I received an Advance Reader Copy of this book from NetGalley in exchange for an honest review.

From the publisher - “When I testify in court, I am often asked: ‘What is the damage of long-term solitary confinement?’ . . . Many prisoners emerge from prison after years in solitary with very serious psychiatric symptoms even though outwardly they may appear emotionally stable. The damage from isolation is dreadfully real.” —Terry Allen Kupers Imagine spending nearly twenty-four hours a day alone, confined to an eight-by-ten-foot windowless cell. This is the reality of approximately one hundred thousand inmates in solitary confinement in the United States today. Terry Allen Kupers, one of the nation’s foremost experts on the mental health effects of solitary confinement, tells the powerful stories of the inmates he has interviewed while investigating prison conditions during the past forty years. Touring supermax security prisons as a forensic psychiatrist, Kupers has met prisoners who have been viciously beaten or raped, subdued with immobilizing gas, or ignored in the face of urgent medical and psychiatric needs. Kupers criticizes the physical and psychological abuse of prisoners and then offers rehabilitative alternatives to supermax isolation. Solitary is a must-read for anyone interested in understanding the true damage that solitary confinement inflicts on individuals living in isolation as well as on our society as a whole.

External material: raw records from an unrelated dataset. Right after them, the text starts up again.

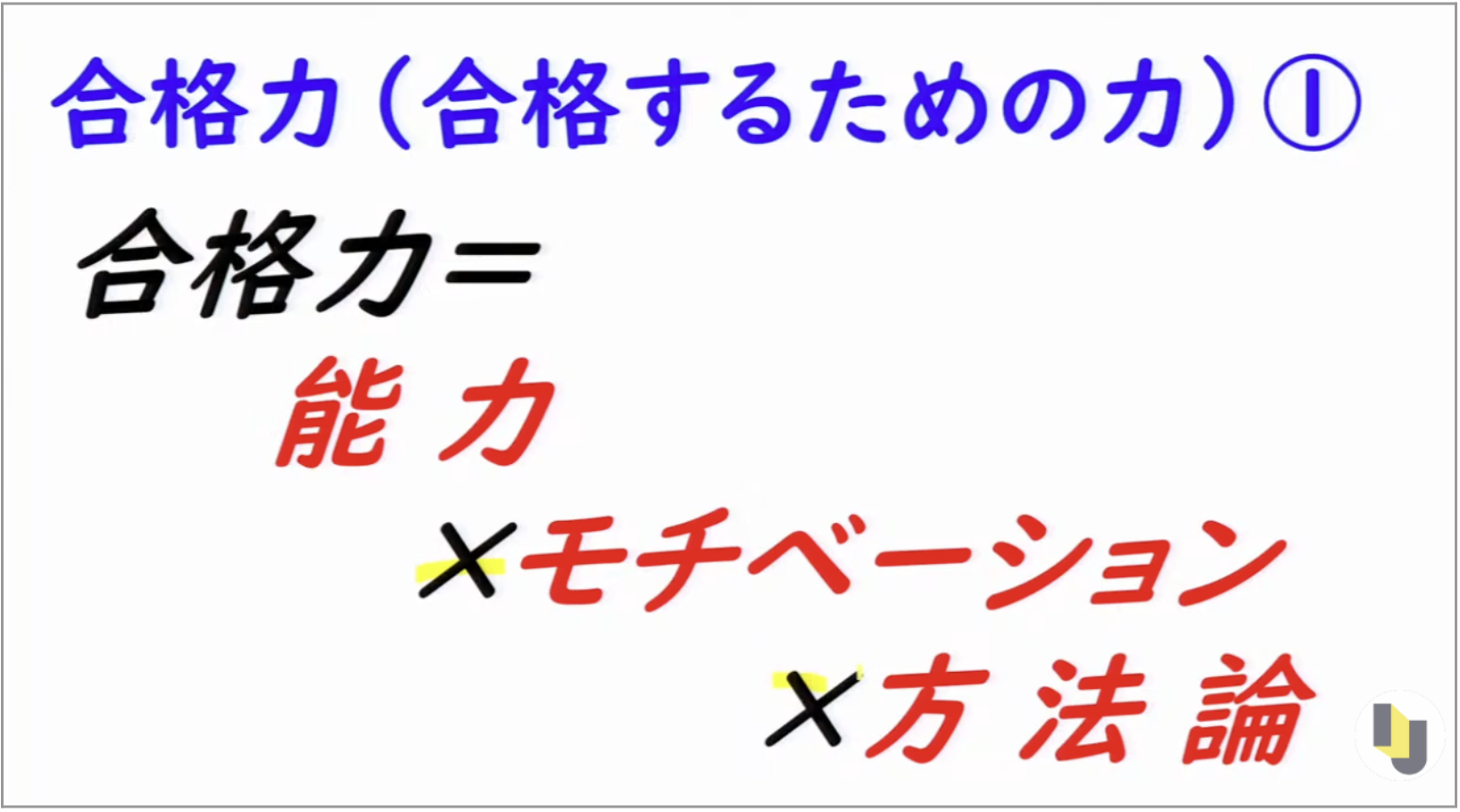 • 司法書士試験の合格力は、「能力」「モチベーション」「方法論」の掛け算で決まります。能力やモチベーションが高くても、正しい「方法論」が間違っていると合格力はゼロになりかねません。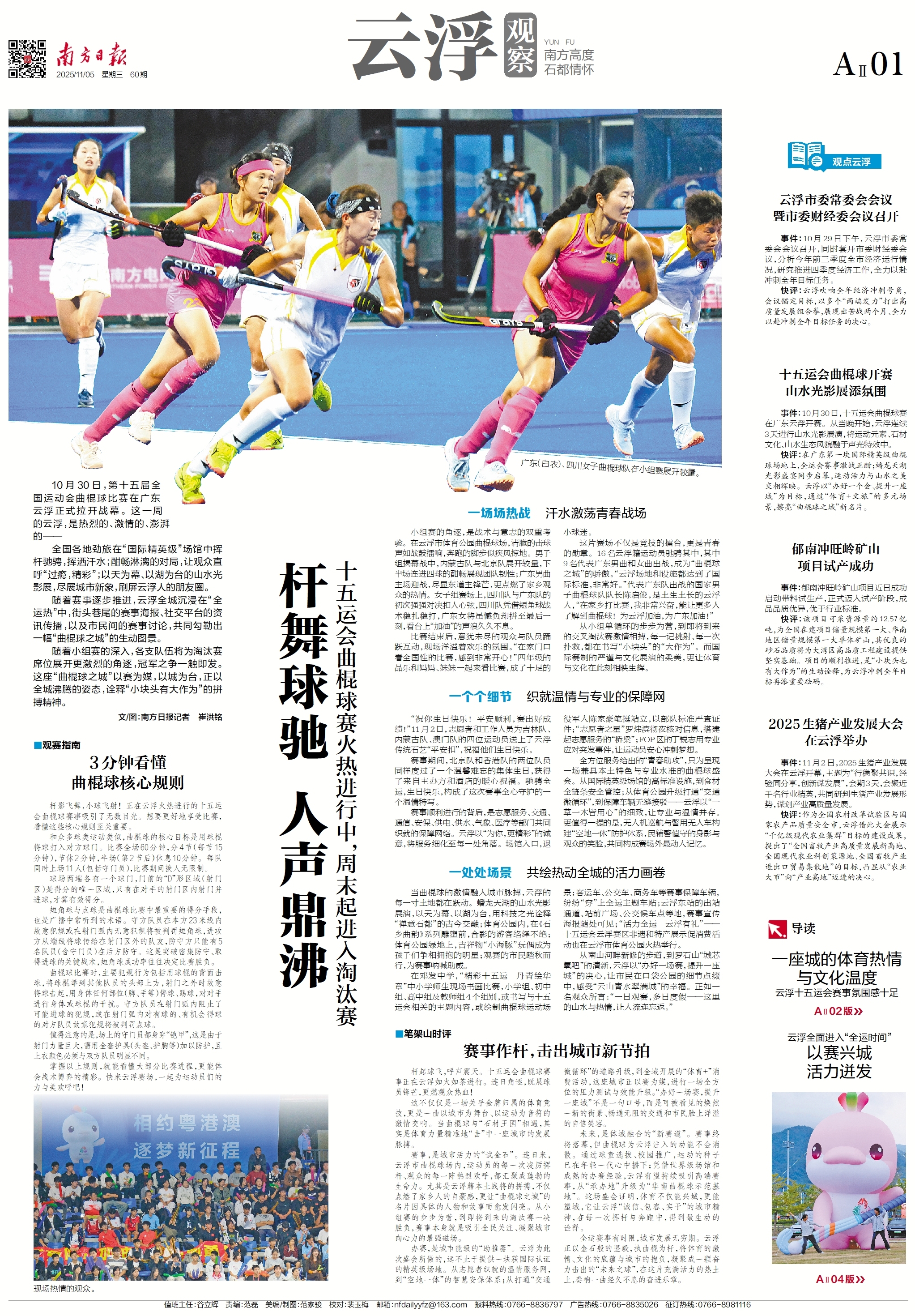 10月30日,第十五届全国运动会曲棍球比赛在广东云浮正式拉开战幕。这一周的云浮,是热烈的、激情的、澎湃的——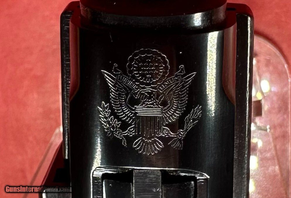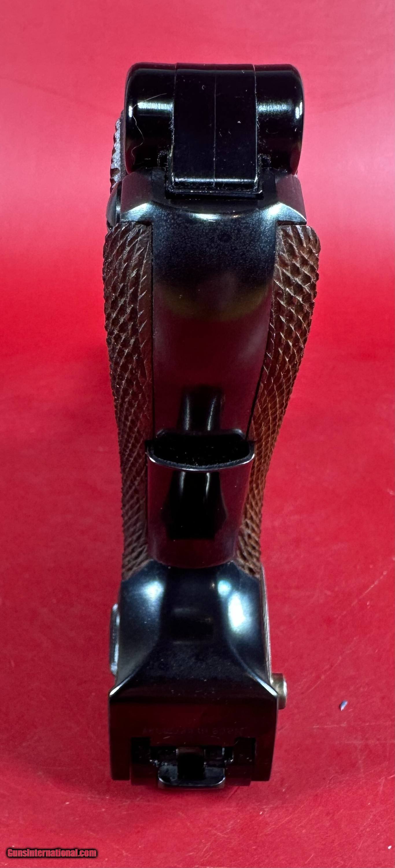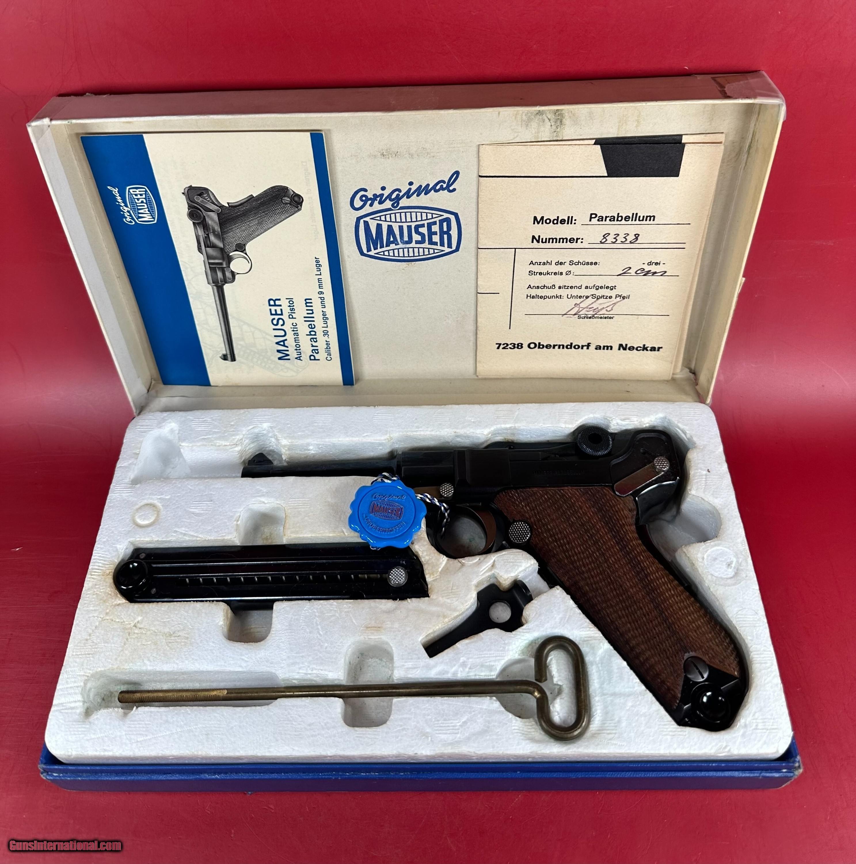 Description: After WWII, the demand for Luger pistols gradually picked back-up and copies of the original Luger pistols were made by Mauser as well as Stoeger. This pistol was made by Mauser. For sale Near Mint condition West German made Mauser-Werke “Original Mauser” American Eagle Parabellum 9mm Luger pistol 4" BBL with original matching box, manual, test target, two magazines and tools. It has a grip safety as well as a manual safety. Perfect original high polish blue finish with perfect mechanics and shiny bore. Finish and grips are about 99%. Box and target are numbered and matches the pistol. This gun will make a great addition to any collection. C&R eligible. Manufacturer: Mauser-Werke A.G. Oberndorf a.N Caliber: 9,mm Luger Finish: Blue Barrel Length: 4" Optics/Sights: Serrated Ramp Front with U-Notch Rear Stock/Grips: Fully Checkered Walnut Grips Action: Semi-Automatic Layaway and no interest payment plan are available. Curio/Relic: Yes Handgun Caliber: 9x19mm Parabellum (9mm Luger, 9x19mm NATO) Price: $2,299.00 Shipping: $39.00 Contact Seller |

I must start out by stating that I am a major fan of "Inside Russia's Prisons" on Netflix - it is my guilty pleasure. My husband is a security guard and we have talked ON END about Adam Capay a Canadian who spent four years in solitary "for good reasons" ... this book is an education on its own! I have enjoyed the author's other books and know that he is THE authority on prison mental health.

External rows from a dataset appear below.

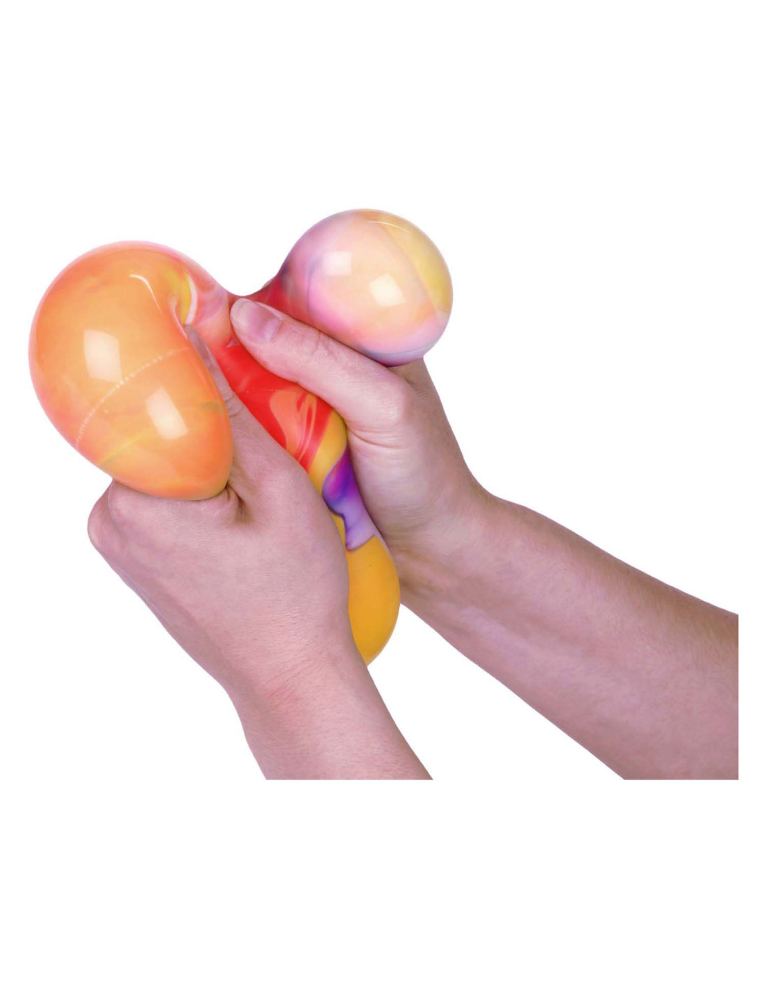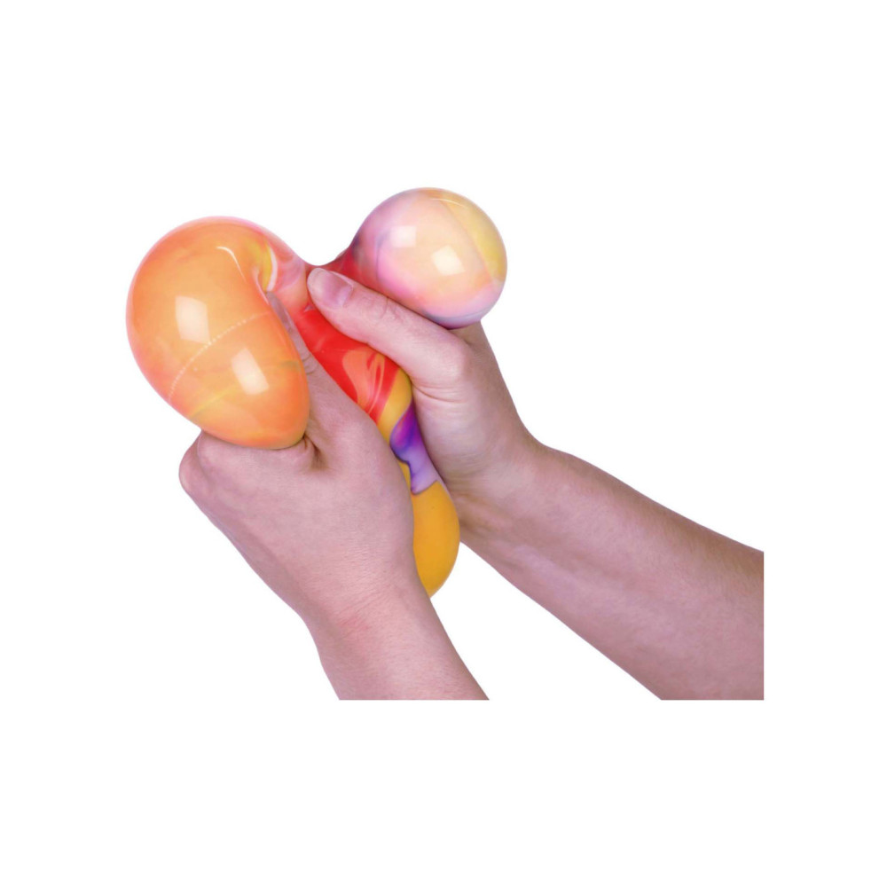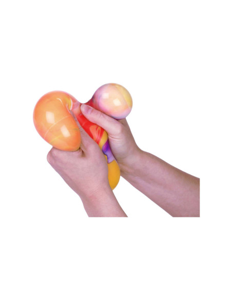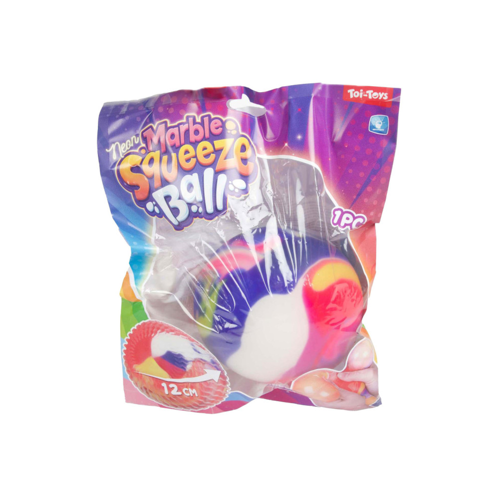 Knijpbal in neonkleuren met marmerpatroon. Afmetingen: 12 cm.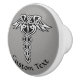Double snake caduceus. Image inspired by celtic knot design. Vector icon with custom colour. Custom background colour. Custom text.
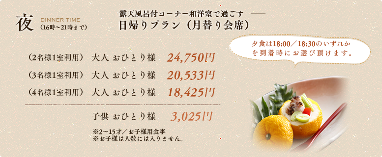 ・ 夕食は18:00、18:30からのいずれかを到着時にお選びいただけます。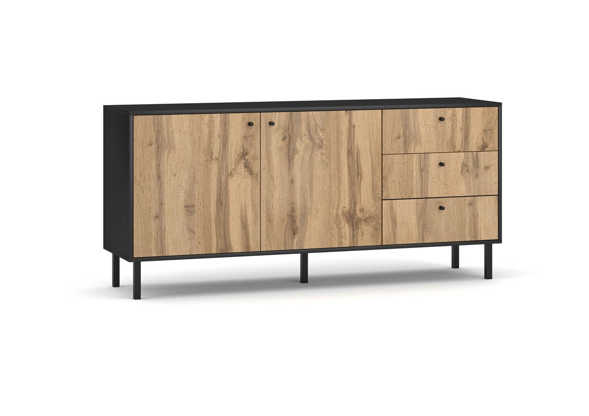 Komoda JATOK in njena čudovita kombinacija artisan hrasta in črne barve bo gotovo poskrbela za vizualno privlačen kontrast v vašem domu. Komoda vsebuje tri predale in dvoja vrata.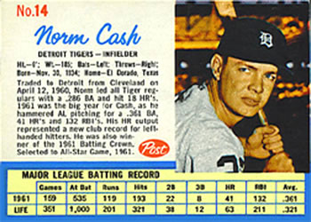 1962 Post Cereal Box Baseball Card #14a Norm Cash (throws right)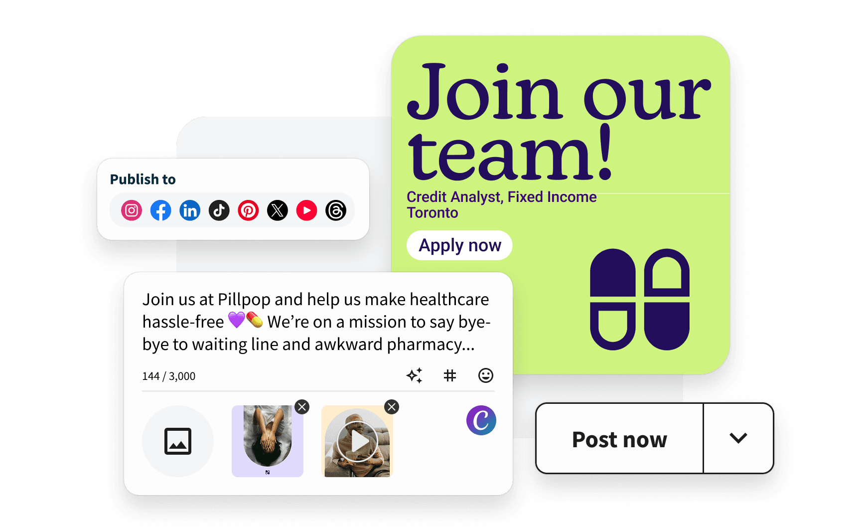 Schedule or publish social media posts across social media networks in one place. Instantly generate brand-approved captions, video scripts, creative briefs, and messages. Generate brand-approved copy and images or use built-in Canva and Adobe Express templates.

This is not an easy book to read - be forewarned. The situations are gruesome and makes me wonder how you can further punish those who are being punished? Is there a difference, when it comes to solitary whether the prisoner is in a jail, a prison or a penitentiary? (Penitentiary is, to me, a Canadian thing - Jail for under two years, the "pen: for longer crimes. I think that came more so from this definition --- Commit a serious crime like a murder and you won't just go to jail; you'll be sent to the penitentiary. Penitentiary comes from the Latin paenitentia, meaning "repentance.) Back to the book --- anyone who works in social services as I do should read this book: ditto for anyone with an interest in crime or psychology. It is difficult to read at times but nonetheless an excellent reference or starting off point for a very interesting conversation.